Raptor64

Home  Cores

Description

Raptor64 is a 64-bit multi-context RISC cpu that supports hyper-threading. There are 16 register sets that the processor automatically switches between at high speed. The processor is fully pipelined with a six-stage pipeline. Stages: IF/RF/EX/M1/M2/WB. Communication with memory is via a 64 bit WISHBONE bus. The processor has a 16kB instruction cache and 32kB data cache. The processor uses 32 bit instructions.

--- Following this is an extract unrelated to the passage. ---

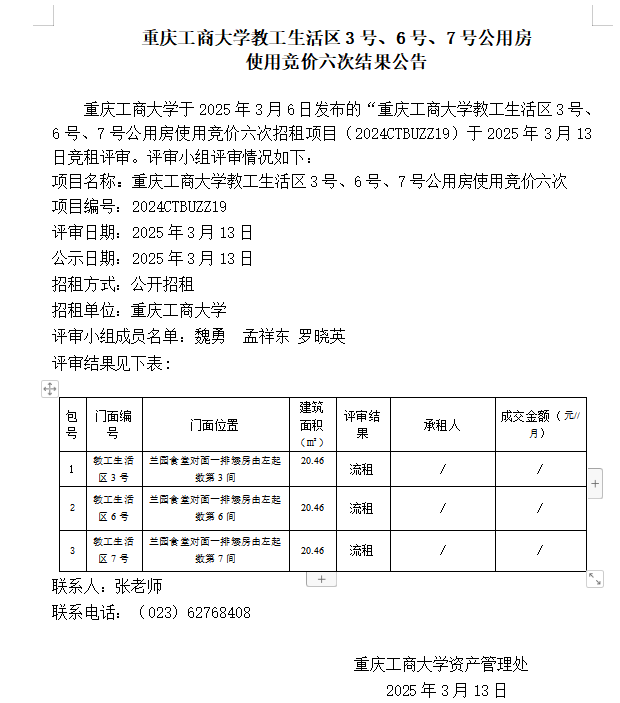 2003网站太阳集团教工生活区3号、6号、7号公用房 使用竞价六次结果公告
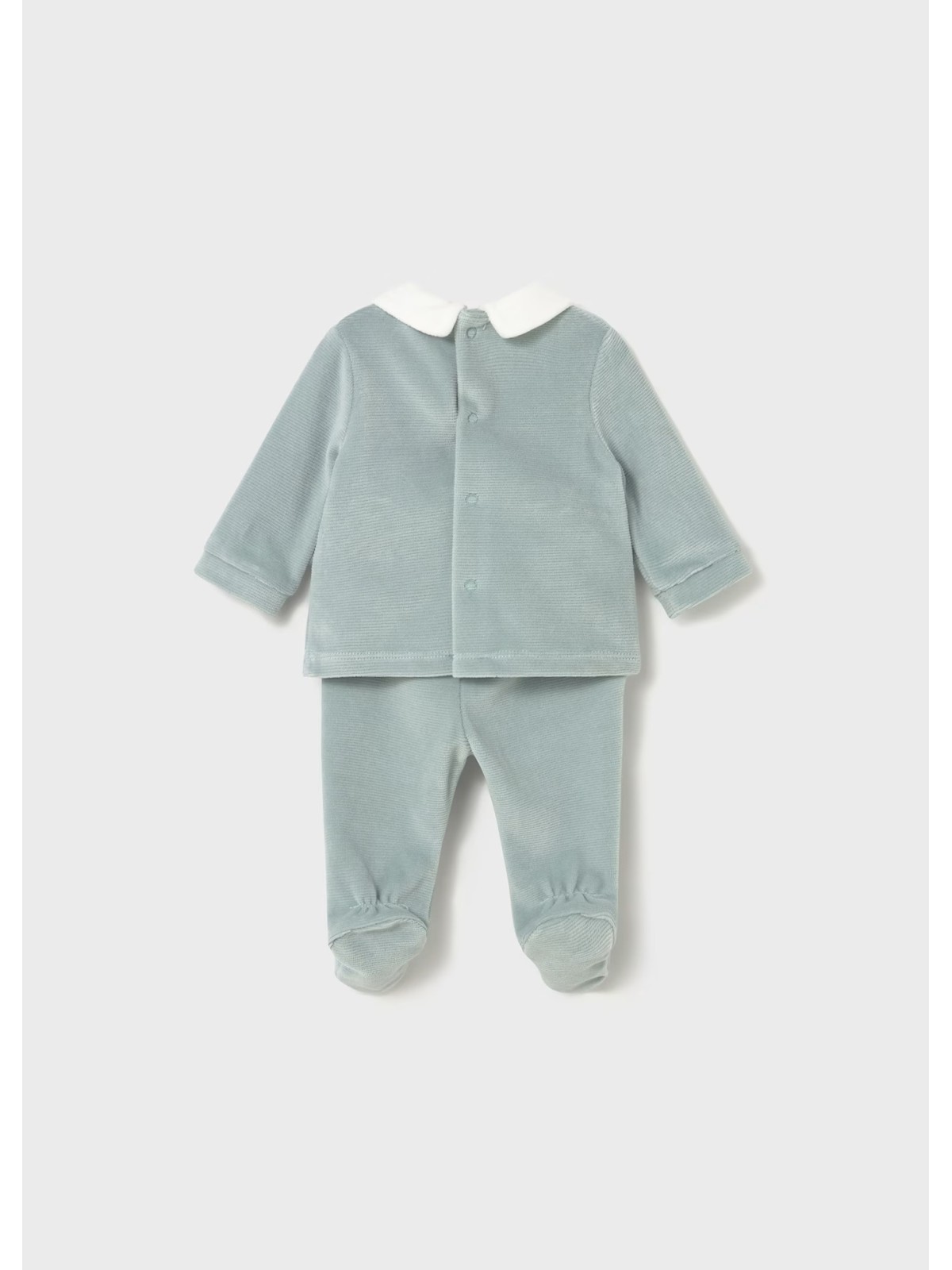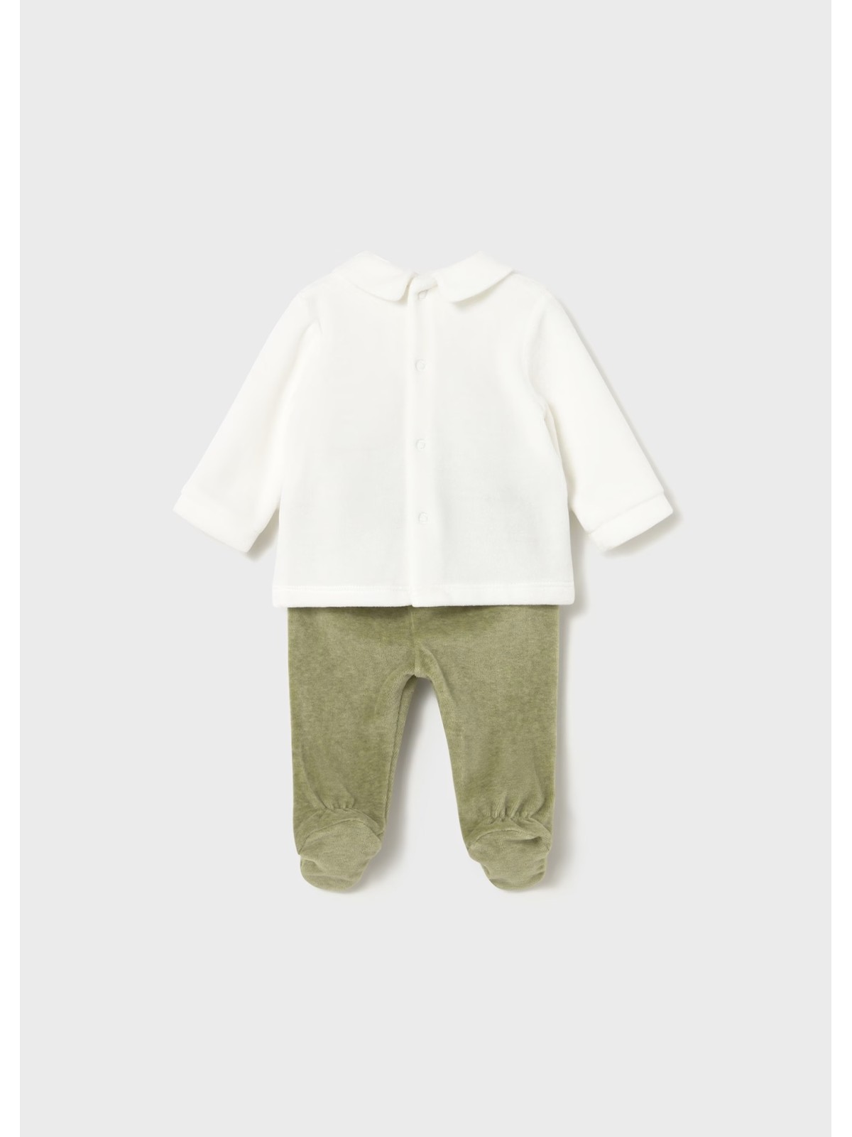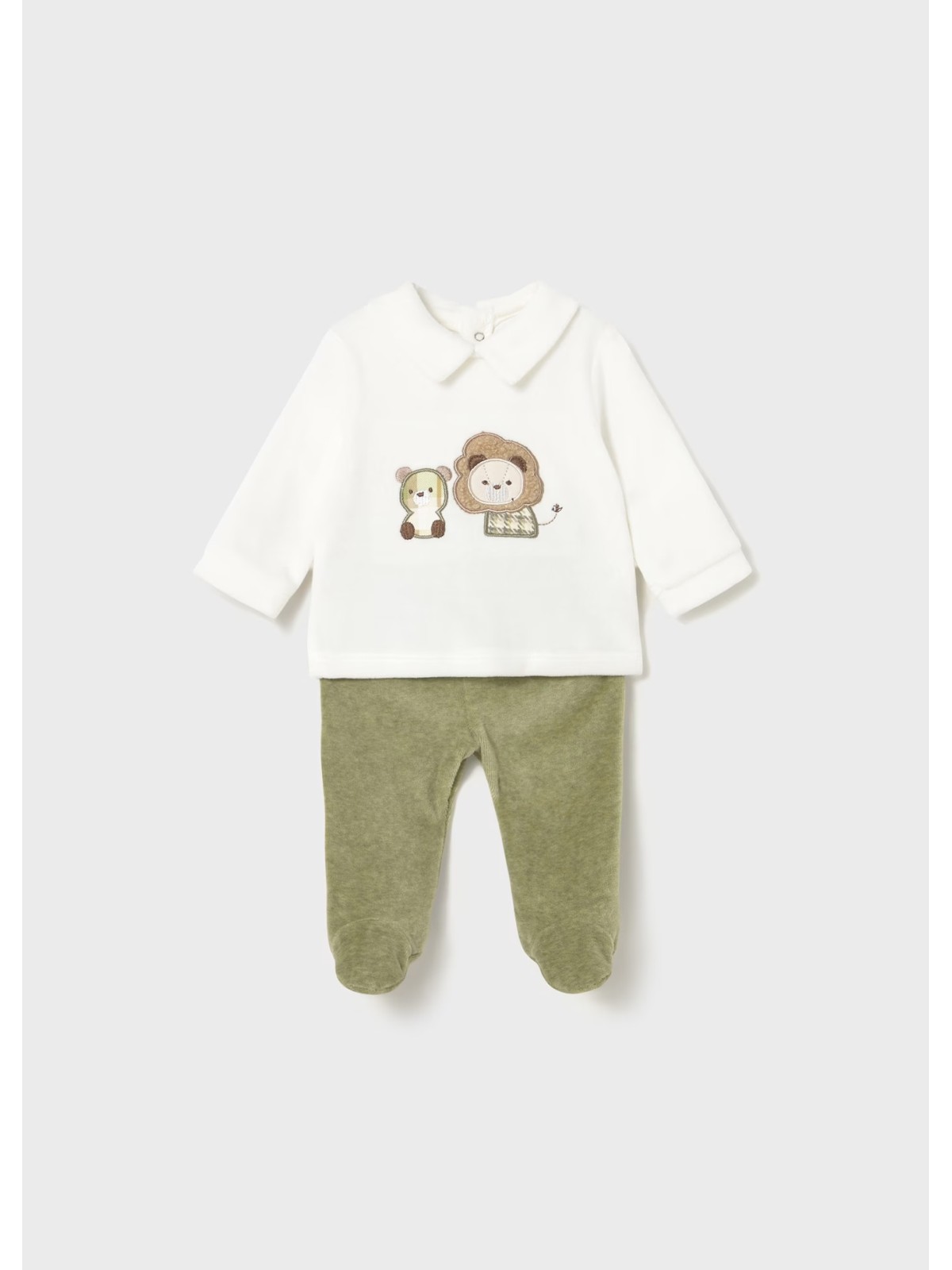 Questo completo per neonato in ciniglia è costituito da maglietta manica lunga con ghettina abbinata. Maglietta manica lunga per neonato. Colletto modello camicia. Chiusura con bottoni a pressione nella parte posteriore. Elementi decorativi: applicazione decorativa, ricamo, Serigrafia (print) Pantalone con piedi modello ghettina. Elastico in vita.

I've created two versions of the processor a non-hyper-threaded version (sc) in addition to the hyper-threaded multi-context(mc) one.

 

Features

- 32 entry 64 bit general register file
- 32 bit opcodes (4 per 128 bits)
- SQRT,Multiply/Divide/bit field/ + all the regulars
- conditional move, exec,
- explicit I/O instructions ( also useful for uncached access)
- immediate constants may be built using SETLO,SETMID,SETHI instructions
- two address modes, displacement (d15[ra]) and scaled indexed (d2[ra+rb*scale])
- 16 segmentation registers
- SimpleMMU - 32 tasks supported with mapping of 128MB space into 256kB pages
- 64 single bit semaphores
- 16kiB instruction cache, 32kiB data cache
- single cycle execution of most instructions (loads stall the pipeline)
- branch prediction with a 256 entry branch history table
- return address stack prediction
- internal Harvard architecture
- communicates externally using a 64-bit WISHBONE bus

 

Software

In the works is currently a high level language compiler for a language similar to 'C'. Several additional keywords have been added (eg. interrupt). Well I finally fed the output of the compiler through the assembler. A couple of bug fixes later the sieve is able to run from SD Card.
There is also an assembler (also a work in progress).
Tiny Basic is available in the boot rom. Works with a few bugs yet.

 

Status

Currently the processor is running code in an FPGA. The bootrom is slowly expanding. Numerous software and processor fixes have taken place. Still a long way to go. The processor is being revamped to use a 32 bit ISA, it was originally a 42 bit ISA.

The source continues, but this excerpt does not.